• **HOW TO COMPLETE THIS TASK**:
Return the entries that follow exactly, with no images.

• **DATA SHOWN**:
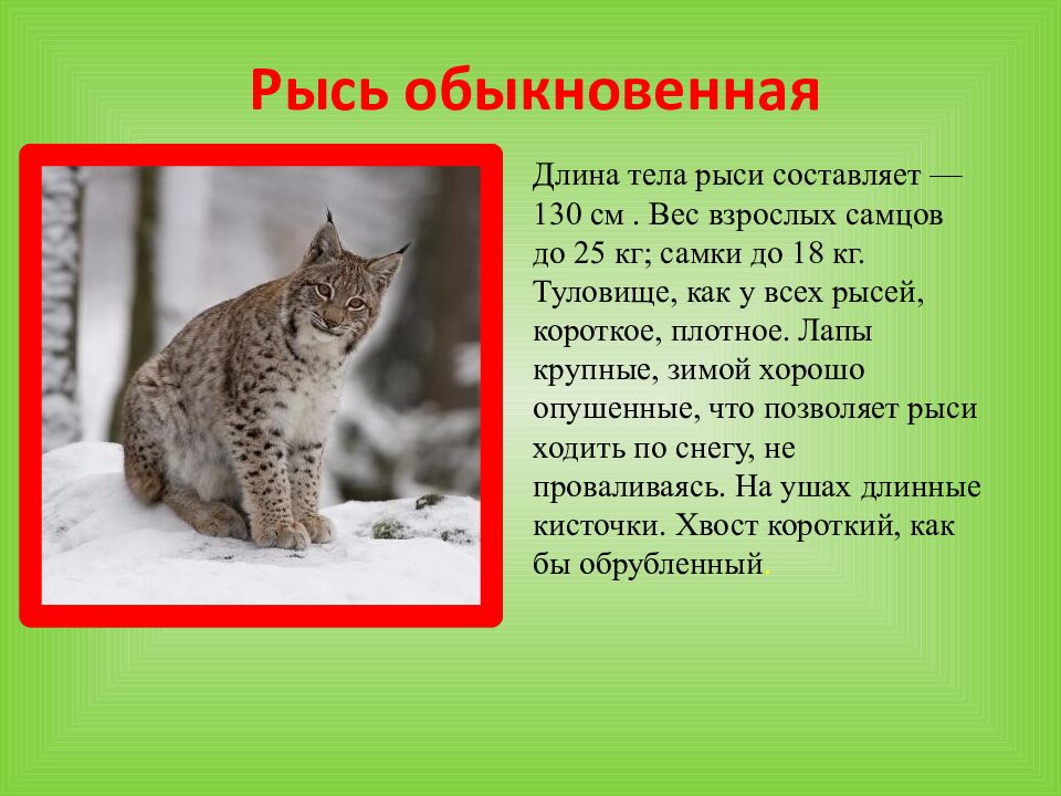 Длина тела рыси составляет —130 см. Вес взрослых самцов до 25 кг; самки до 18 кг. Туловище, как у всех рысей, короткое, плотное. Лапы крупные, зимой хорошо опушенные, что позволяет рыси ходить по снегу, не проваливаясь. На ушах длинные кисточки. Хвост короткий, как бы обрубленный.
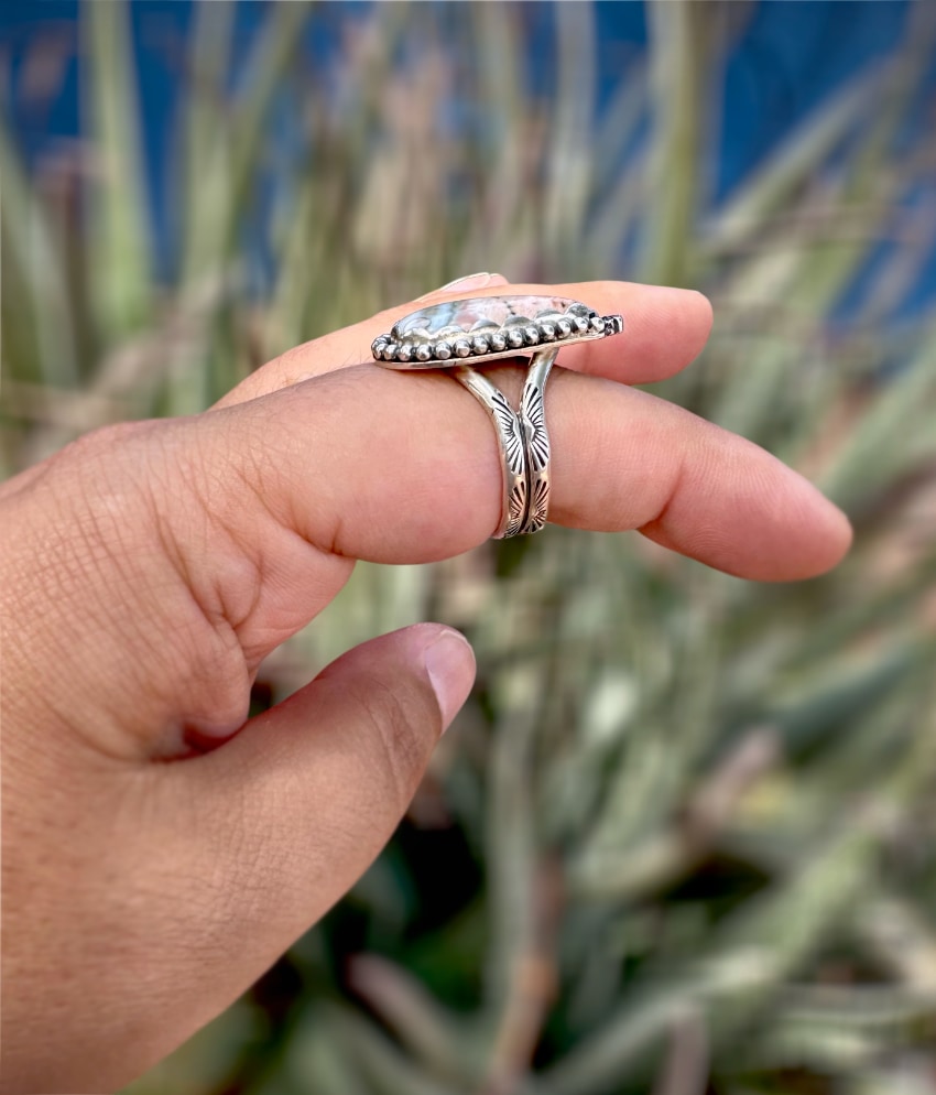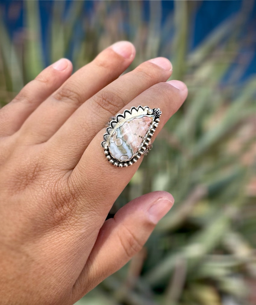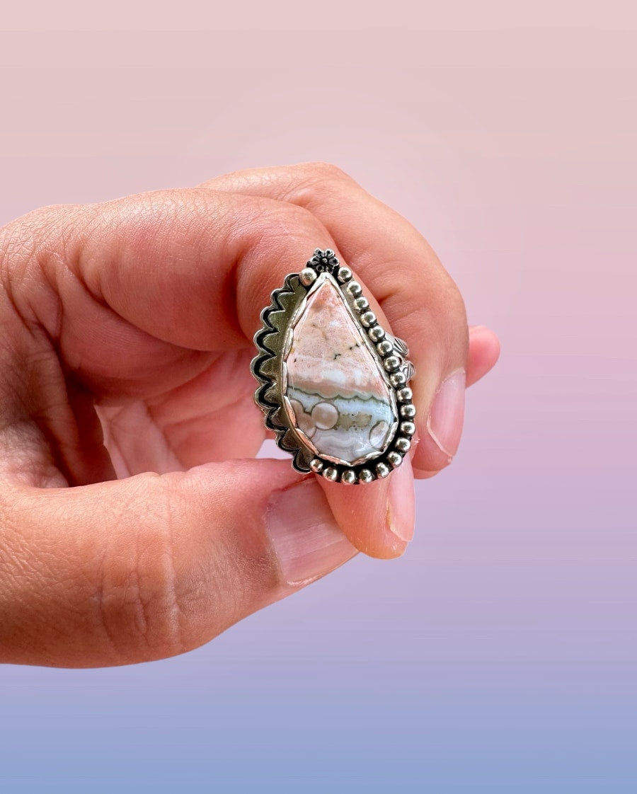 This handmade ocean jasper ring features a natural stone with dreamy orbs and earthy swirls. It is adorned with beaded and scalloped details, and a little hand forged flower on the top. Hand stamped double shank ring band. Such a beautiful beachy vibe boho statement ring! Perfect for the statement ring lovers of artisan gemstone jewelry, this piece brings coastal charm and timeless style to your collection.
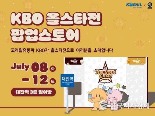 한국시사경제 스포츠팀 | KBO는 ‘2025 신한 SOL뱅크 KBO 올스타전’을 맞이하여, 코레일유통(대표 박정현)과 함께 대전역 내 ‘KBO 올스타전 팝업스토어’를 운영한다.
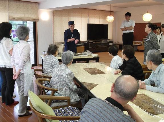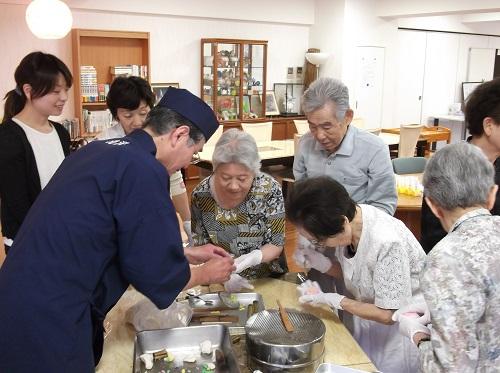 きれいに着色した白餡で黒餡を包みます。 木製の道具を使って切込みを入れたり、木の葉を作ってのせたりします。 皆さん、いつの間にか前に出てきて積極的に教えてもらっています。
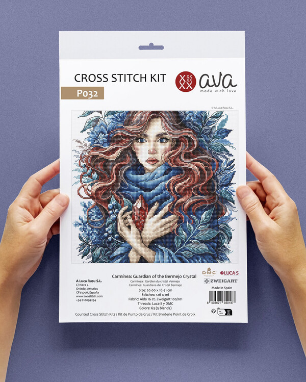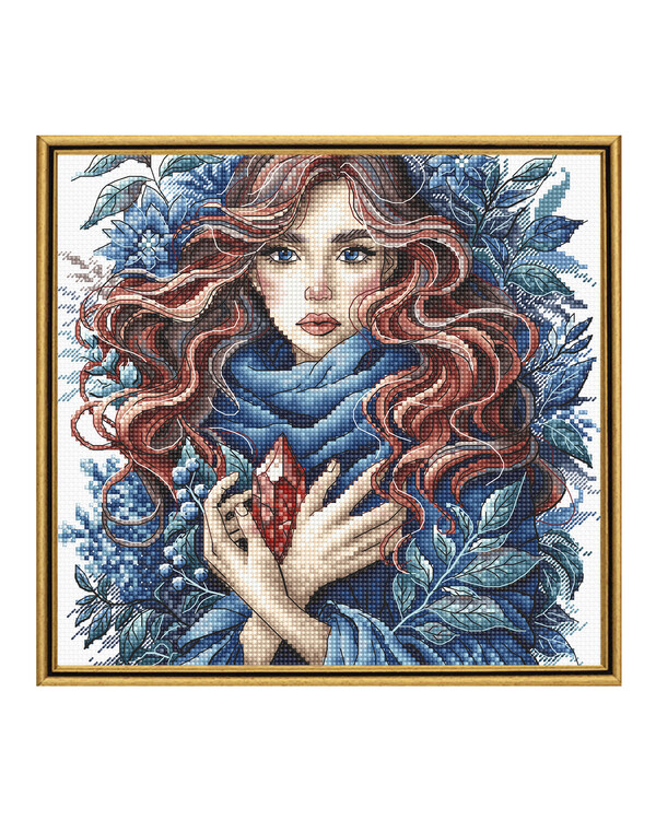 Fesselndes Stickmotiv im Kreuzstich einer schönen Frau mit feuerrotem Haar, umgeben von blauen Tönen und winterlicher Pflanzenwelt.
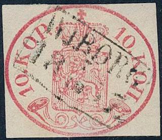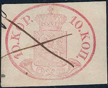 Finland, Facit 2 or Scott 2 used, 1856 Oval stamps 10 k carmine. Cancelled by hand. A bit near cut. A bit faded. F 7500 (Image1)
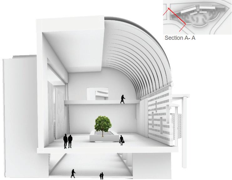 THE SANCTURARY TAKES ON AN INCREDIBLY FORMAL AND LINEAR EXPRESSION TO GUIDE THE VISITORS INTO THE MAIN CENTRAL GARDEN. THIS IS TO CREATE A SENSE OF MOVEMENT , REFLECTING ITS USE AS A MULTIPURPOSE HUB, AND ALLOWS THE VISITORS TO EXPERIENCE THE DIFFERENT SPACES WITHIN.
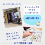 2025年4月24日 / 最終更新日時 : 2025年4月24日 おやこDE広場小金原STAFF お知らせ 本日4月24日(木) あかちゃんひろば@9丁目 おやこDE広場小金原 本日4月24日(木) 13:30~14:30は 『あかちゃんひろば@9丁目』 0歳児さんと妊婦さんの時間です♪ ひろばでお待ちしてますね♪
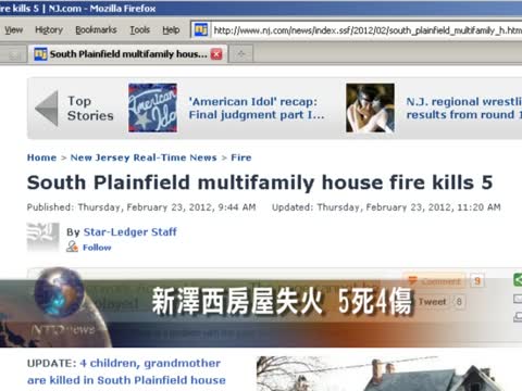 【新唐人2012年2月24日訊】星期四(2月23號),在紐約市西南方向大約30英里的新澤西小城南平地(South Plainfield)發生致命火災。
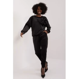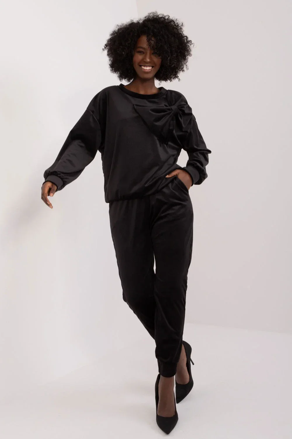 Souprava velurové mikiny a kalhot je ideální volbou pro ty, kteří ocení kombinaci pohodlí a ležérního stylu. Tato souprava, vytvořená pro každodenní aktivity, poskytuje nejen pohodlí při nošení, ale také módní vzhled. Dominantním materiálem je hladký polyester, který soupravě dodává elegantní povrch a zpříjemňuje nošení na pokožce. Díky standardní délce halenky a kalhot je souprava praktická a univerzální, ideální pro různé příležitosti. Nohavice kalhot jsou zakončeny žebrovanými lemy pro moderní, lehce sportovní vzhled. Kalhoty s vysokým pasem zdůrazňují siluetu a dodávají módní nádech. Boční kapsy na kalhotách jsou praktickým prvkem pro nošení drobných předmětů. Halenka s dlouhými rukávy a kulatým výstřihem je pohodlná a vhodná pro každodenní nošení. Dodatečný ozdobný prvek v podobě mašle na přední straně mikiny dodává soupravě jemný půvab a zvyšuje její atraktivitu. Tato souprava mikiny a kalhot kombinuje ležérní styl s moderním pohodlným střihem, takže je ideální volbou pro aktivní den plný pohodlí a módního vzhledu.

• **ANSWER**:
 Длина тела рыси составляет —130 см. Вес взрослых самцов до 25 кг; самки до 18 кг. Туловище, как у всех рысей, короткое, плотное. Лапы крупные, зимой хорошо опушенные, что позволяет рыси ходить по снегу, не проваливаясь. На ушах длинные кисточки. Хвост короткий, как бы обрубленный.
 This handmade ocean jasper ring features a natural stone with dreamy orbs and earthy swirls. It is adorned with beaded and scalloped details, and a little hand forged flower on the top. Hand stamped double shank ring band. Such a beautiful beachy vibe boho statement ring! Perfect for the statement ring lovers of artisan gemstone jewelry, this piece brings coastal charm and timeless style to your collection.
 한국시사경제 스포츠팀 | KBO는 ‘2025 신한 SOL뱅크 KBO 올스타전’을 맞이하여, 코레일유통(대표 박정현)과 함께 대전역 내 ‘KBO 올스타전 팝업스토어’를 운영한다.
 きれいに着色した白餡で黒餡を包みます。 木製の道具を使って切込みを入れたり、木の葉を作ってのせたりします。 皆さん、いつの間にか前に出てきて積極的に教えてもらっています。
 Fesselndes Stickmotiv im Kreuzstich einer schönen Frau mit feuerrotem Haar, umgeben von blauen Tönen und winterlicher Pflanzenwelt.
 Finland, Facit 2 or Scott 2 used, 1856 Oval stamps 10 k carmine. Cancelled by hand. A bit near cut. A bit faded. F 7500 (Image1)
 THE SANCTURARY TAKES ON AN INCREDIBLY FORMAL AND LINEAR EXPRESSION TO GUIDE THE VISITORS INTO THE MAIN CENTRAL GARDEN. THIS IS TO CREATE A SENSE OF MOVEMENT , REFLECTING ITS USE AS A MULTIPURPOSE HUB, AND ALLOWS THE VISITORS TO EXPERIENCE THE DIFFERENT SPACES WITHIN.
 2025年4月24日 / 最終更新日時 : 2025年4月24日 おやこDE広場小金原STAFF お知らせ 本日4月24日(木) あかちゃんひろば@9丁目 おやこDE広場小金原 本日4月24日(木) 13:30~14:30は 『あかちゃんひろば@9丁目』 0歳児さんと妊婦さんの時間です♪ ひろばでお待ちしてますね♪
 【新唐人2012年2月24日訊】星期四(2月23號),在紐約市西南方向大約30英里的新澤西小城南平地(South Plainfield)發生致命火災。
 Souprava velurové mikiny a kalhot je ideální volbou pro ty, kteří ocení kombinaci pohodlí a ležérního stylu. Tato souprava, vytvořená pro každodenní aktivity, poskytuje nejen pohodlí při nošení, ale také módní vzhled. Dominantním materiálem je hladký polyester, který soupravě dodává elegantní povrch a zpříjemňuje nošení na pokožce. Díky standardní délce halenky a kalhot je souprava praktická a univerzální, ideální pro různé příležitosti. Nohavice kalhot jsou zakončeny žebrovanými lemy pro moderní, lehce sportovní vzhled. Kalhoty s vysokým pasem zdůrazňují siluetu a dodávají módní nádech. Boční kapsy na kalhotách jsou praktickým prvkem pro nošení drobných předmětů. Halenka s dlouhými rukávy a kulatým výstřihem je pohodlná a vhodná pro každodenní nošení. Dodatečný ozdobný prvek v podobě mašle na přední straně mikiny dodává soupravě jemný půvab a zvyšuje její atraktivitu. Tato souprava mikiny a kalhot kombinuje ležérní styl s moderním pohodlným střihem, takže je ideální volbou pro aktivní den plný pohodlí a módního vzhledu.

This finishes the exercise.